Peter Middleton

Personal information
- Full name: Peter Watson Middleton
- Date of birth: 13 September 1948
- Place of birth: Rawmarsh, England
- Date of death: April 1977 (aged 28)
- Place of death: Braithwell, England
- Position(s): Midfielder

Youth career
- Sheffield Wednesday

Senior career*
- Years: Team / Apps / (Gls)
- 1965–1968: Sheffield Wednesday / 0 / (0)
- 1968–1972: Bradford City / 131 / (25)
- 1972: Plymouth Argyle / 1 / (1)
- Total:  / 132 / (26)

= Peter Middleton (footballer) =

English footballer

Peter Watson Middleton (13 September 1948 – April 1977) was an English professional footballer who played as a midfielder. He spent almost all of his career with Bradford City. His career was cut short following an accident just days after his Plymouth Argyle debut.

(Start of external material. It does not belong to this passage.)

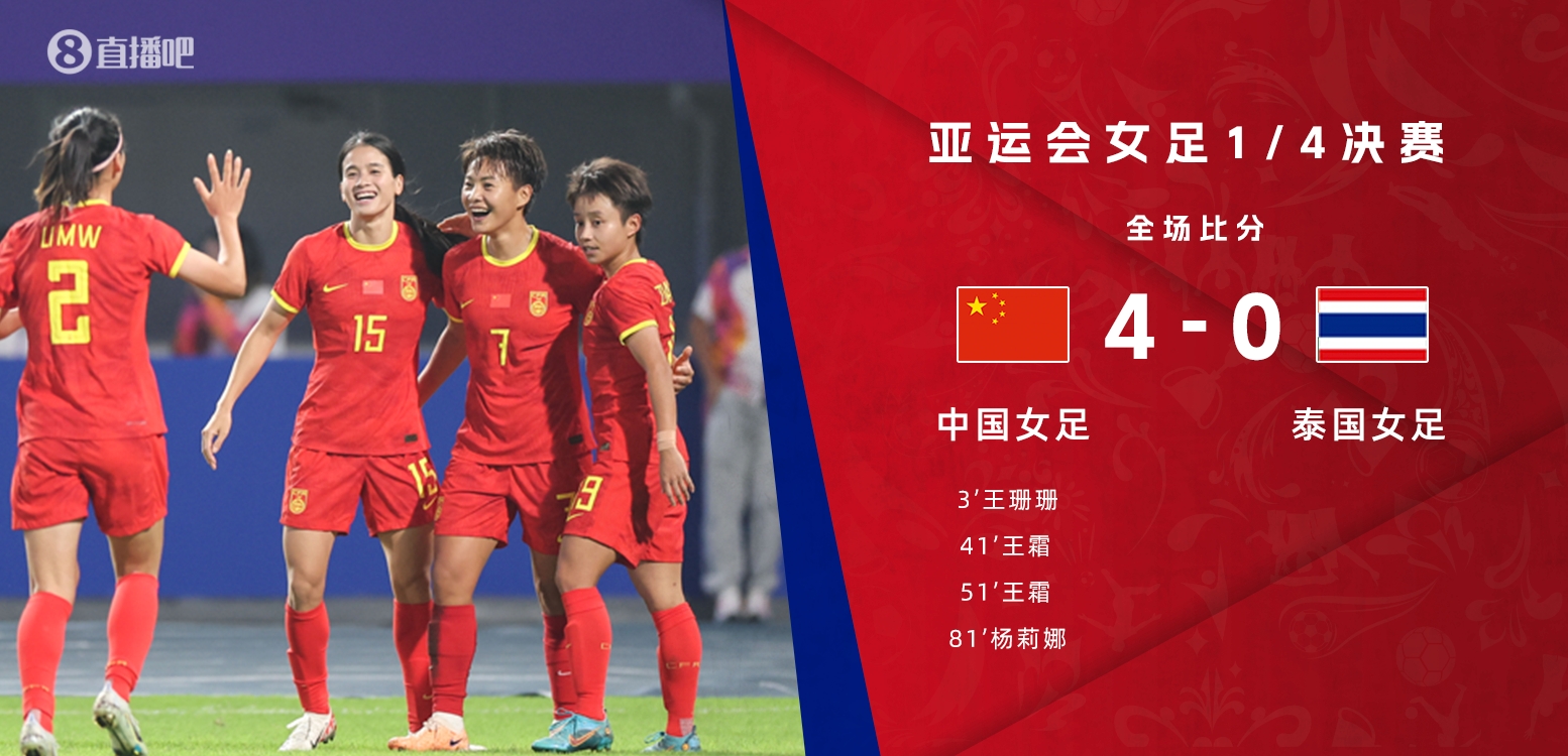 9月30日讯 北京时间9月30日晚上20:00,亚运女足1/4决赛,中国迎战泰国。上半场,王珊珊3分钟破门,张睿中框后助攻王霜得分。下半场,王霜头球再下一城,杨莉娜乱战进球。全场结束,中国4-0泰国。女足姑娘在半决赛中将迎战日本女足。

He was one of eight children, including four boys, born in Rawmarsh, Yorkshire, England. One of his brothers, John, also played for Bradford City.

He was found dead in his car in 1977.

==Career==
Middleton was a schoolboy with Sheffield Wednesday who signed as an apprentice professional. He became a regular in the reserves, signing as a full-time player in 1965. But after three years without a first team game he moved to Bradford City.

Bradford City paid £500 for him. He played for four full seasons at Bradford City and into the start of 1972–1973 season, scoring 25 goals in 131 league appearances. He also had a good scoring record in the FA Cup and League Cup, with three goals in the former and six in the latter in a total of 20 cup games.

In September 1972 he left Valley Parade to join Plymouth Argyle. He scored on his debut against Shrewsbury Town but it proved to be his last first-team appearance. A few days later he was struck by a car as he crossed a road. He tried to resurrect his career even scoring twice in a reserve game, but he quit following advice from a specialist. He had a benefit game against Manchester United.

In April 1977 he was found dead in his car, having committed suicide by carbon monoxide poisoning.